Personal information
- Nickname: "Tommo"
- Born: 5 August 1963 (age 62) Swindon, Wiltshire, England

Darts information
- Playing darts since: 1989
- Darts: 19g Unicorn Darts Bob Anderson
- Laterality: Right-handed
- Walk-on music: "Welcome to the Party" by Dj Krissy

Organisation (see split in darts)
- BDO: 2008–2014
- PDC: 2002–2008

WDF major events – best performances
- World Masters: Last 64: 2010

PDC premier events – best performances
- World Championship: Last 48: 2005
- UK Open: Last 16: 2003, 2005

Other tournament wins
| Hampshire Open | 2005 |
| Malta Open | 2009 |

= Mark Thomson (darts player) =

English darts player

Mark "Tommo" Thomson (born 5 August 1963) is an English former professional darts player who played in Professional Darts Corporation (PDC) events.

== Career ==
From Swindon, Wiltshire, Thomson played in six stages on the UK Open, reaching the last 8, but lost to Tommy Wilson of England in 2003 and Mark Walsh of England in 2005.

He played in the 2005 PDC World Darts Championship debut year, but lost in the last 48 to Andy Hamilton of England.
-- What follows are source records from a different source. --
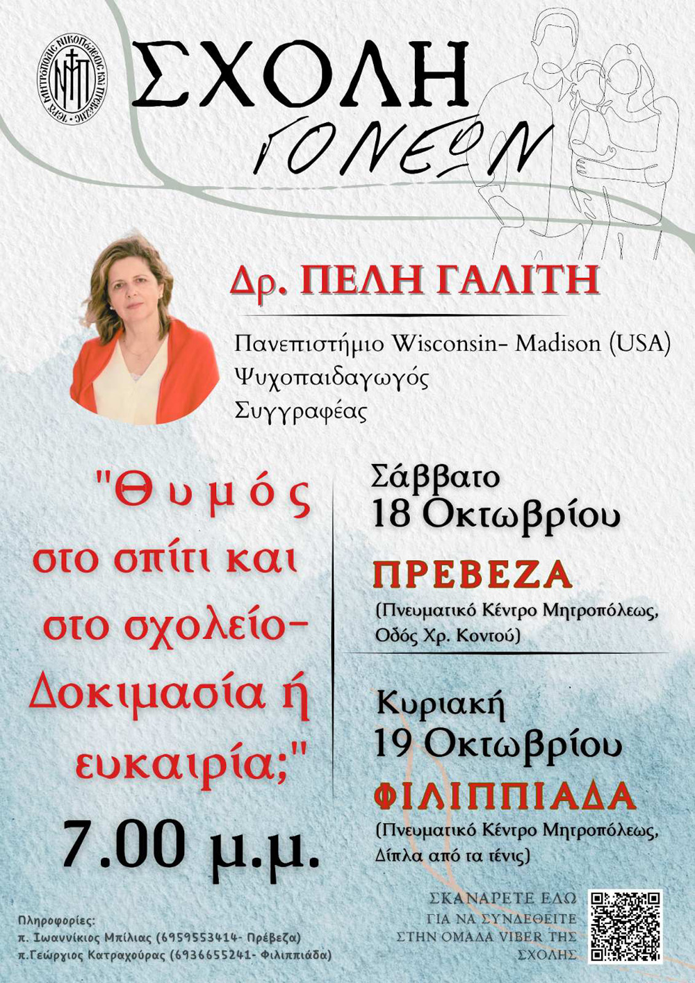 Ομιλήτρια θα είναι η Δρ. Πέλη Γαλίτη, Πανεπιστήμιο Wisconsin-Madison (USA), Ψυχοπαιδαγωγός, Συγγραφέας, μέ θέμα: «Θυμός στό σπίτι καί στό σχολείο-Δοκιμασία ή Ευκαιρία;»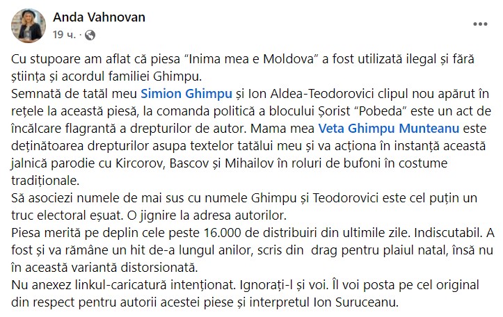 Nu anexez linkul-caricatură intenționat. Ignorați-l și voi. Îl voi posta pe cel original din respect pentru autorii acestei piese și interpretul Ion Suruceanu”, a scris Anda Vahnovan.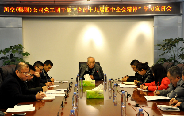 為深入學(xué)習(xí)貫徹黨的十九屆四中全會精神,結(jié)合上級黨組織、工會和團委的要求,12月6日上午,(集團)公司在辦公樓二樓會議室召開了黨工團干部“黨的十九屆四中全會精神”學(xué)習(xí)宣貫會。黨委書記單金銘作學(xué)習(xí)宣貫講話,公司各單位黨支部書記、分工會主席、團支部書記參加學(xué)習(xí)宣貫。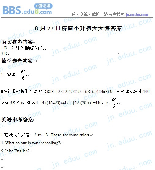 2012.8.27济南小升初天天练模拟题答案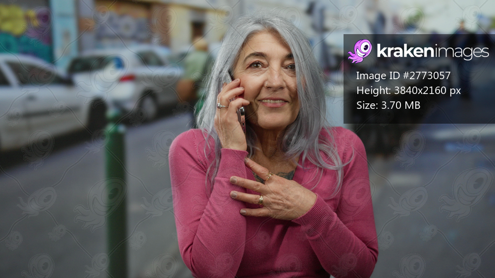 Woman talking on phone with smiling expression in urban street setting showing senior woman with grey hair and pink sweater outdoors in casual environment. - Kraken Images

He was Runner Up in the 2005 Vauxhall Spring Pro, losing to Colin Lloyd of England.

He won the 2009 Malta Open, defeating by Roy Brown of England.

He played in the 2010 Winmau World Masters, losing to Ronald L. Briones of the Philippines in the last 64.

He won the 2005 National Championship in Stoke-on-Trent. He won the 2005 Hampshire Open beating Lionel Sams 5 – 4 in the final. Along with Lionel Sams winning the Dutch pairs in 2005.

He played events in the World ParaDarts (WPD) since June 2026.

== Personal life ==
Thomson is married to Allison from Swindon, Wiltshire.